Captain Morgan tipped his hat sarcastically and disappeared into the exit.
Burton was so mad he almost spit on the floor.
“Hell and begorra!”
Tam’s head hurt for want of a drink. It had been hours and Mother O’Shaughnessy had never let him go that long without at least a nip, even as a boy.
The midget disappeared, out through the gates of the train station and into the Great Salt Lake City. He still carried the machine-gun case like he was a dance hall fiddler and the pack full of ammunition and loaded extra drums slung over one shoulder. Even heavily laden as he was, he was hard to track in the crowd.
It hadn’t been easy following him with the little kid in tow. Tam had switched his hat and coat for a big, dirty duster and a broad-brimmed cattleman’s hat he’d found in Browning’s shop and he’d made the boy wear his own porkpie. He’d put on a kerchief and tucked his long scarf in his pocket and wished he had a pair of dark glasses.
“Keep your eyes down and your mouth shut, boy,” he’d warned the kid, “or I’ll by-Brigit shoot you and leave you for the buzzards.”
“I ain’t afraid of you,” the boy John Moses had said at once, but then he’d shut up and done as he’d been told. Tam had kept a hand on the grip of one of his Hushers the entire time, but he hadn’t had to draw the gun.
The midget was a suspicious little bastard, though, always looking around him and sometimes doubling back on his own tracks. Tam wondered what he was afraid of (though in this fallen world, wasn’t it the honest and prudent man who was always afraid of everything, and always looking out for his own interests?) and stayed on his toes so the little man never got a good look at his face.

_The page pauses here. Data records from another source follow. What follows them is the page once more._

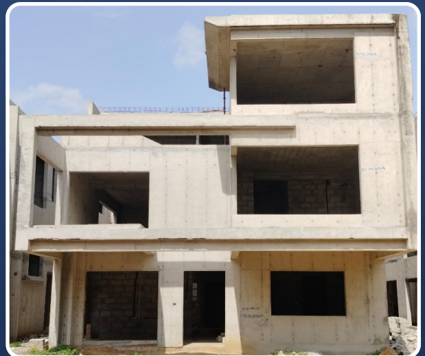
VILLA-83 (Structure Completed)
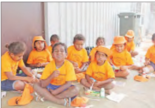
Napranum Pre-school students enjoy a healthy lunch
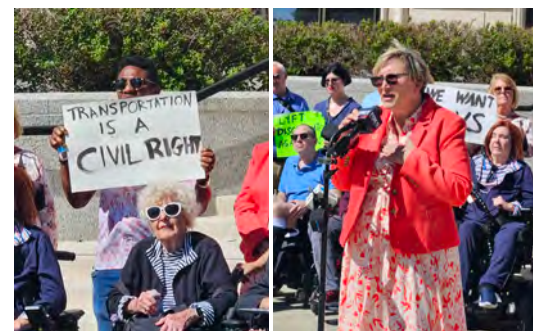
Fighting for Disability Rights
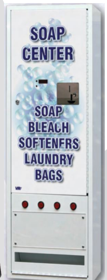
SPV4 - 4 Column

Was it the Pinkertons he feared? It might be. There’d been two at the Great Salt Lake City train station, on the very platform, when Tam had disembarked, poking around with their calotypes and asking questions. Tam had tightened his grip on the boy’s hand, but the Pinkertons hadn’t approached him and there hadn’t been any trouble. Lucky for him, the Mormons didn’t seem all that interested in being forthcoming with the Pinkertons. The cold shoulder he saw them giving the lawmen was almost enough to endear the Kingdom of Deseret to him forever. Coltrane had gone one way, right in front of one of the detectives, so cool butter wouldn’t melt in his mouth, and Tam had dragged the boy with him in the other direction. They’d crossed over the tracks below on parallel catwalks, Tam careful not to overtake the smaller man with his longer steps.
He almost lost the dwarf at the exit, and he almost lost him again outside the train station. The little man crossed one of Deseret’s exaggeratedly wide boulevards there and immediately on his heels the street filled with American military steam-trucks, barreling past at full steam. It was the Massachusetts squaddies again, the same ones he and Sam Clemens had seen earlier. Before, they had had the practical, slightly underslept, getting-about-one’s-business look that soldiers everywhere always seemed to have when not in action or suffering through some drill or actually asleep.
Now, they looked frightened. The steam-trucks bellowed and groaned and squealed like enormous bellyaching hippopotami as they rushed past and the soldiers on their decks clutched their carbines and looked about them like they feared being shot at from every window they passed, or even by the birds of the air.
What Brigit-blessed nonsense had happened in the short hours while he’d been gone? Tam stepped up his pace, easily gaining ground on the little man with his longer strides, and dragging the boy along, as often as not lifting him off the ground by the wrist. Not too much, Tamerlane O’Shaughnessy me boy, he warned himself. Don’t want to completely overtake the little goblin.
The dwarf crossed the half mile or so of the city center to the Deseret Hotel. Tam and his hostage watched from around corners as Coltrane took the lift up (presumably up to the suite that Tam shared with Sam Clemens, but what in Brigit’s name could he be doing up there, up to no good, but at least it was Tam who had the beetles of doom), returned promptly, had a brief word with the desk clerk (it was still that helpful fellow Sorenson, Tam saw), and then idled on the street outside.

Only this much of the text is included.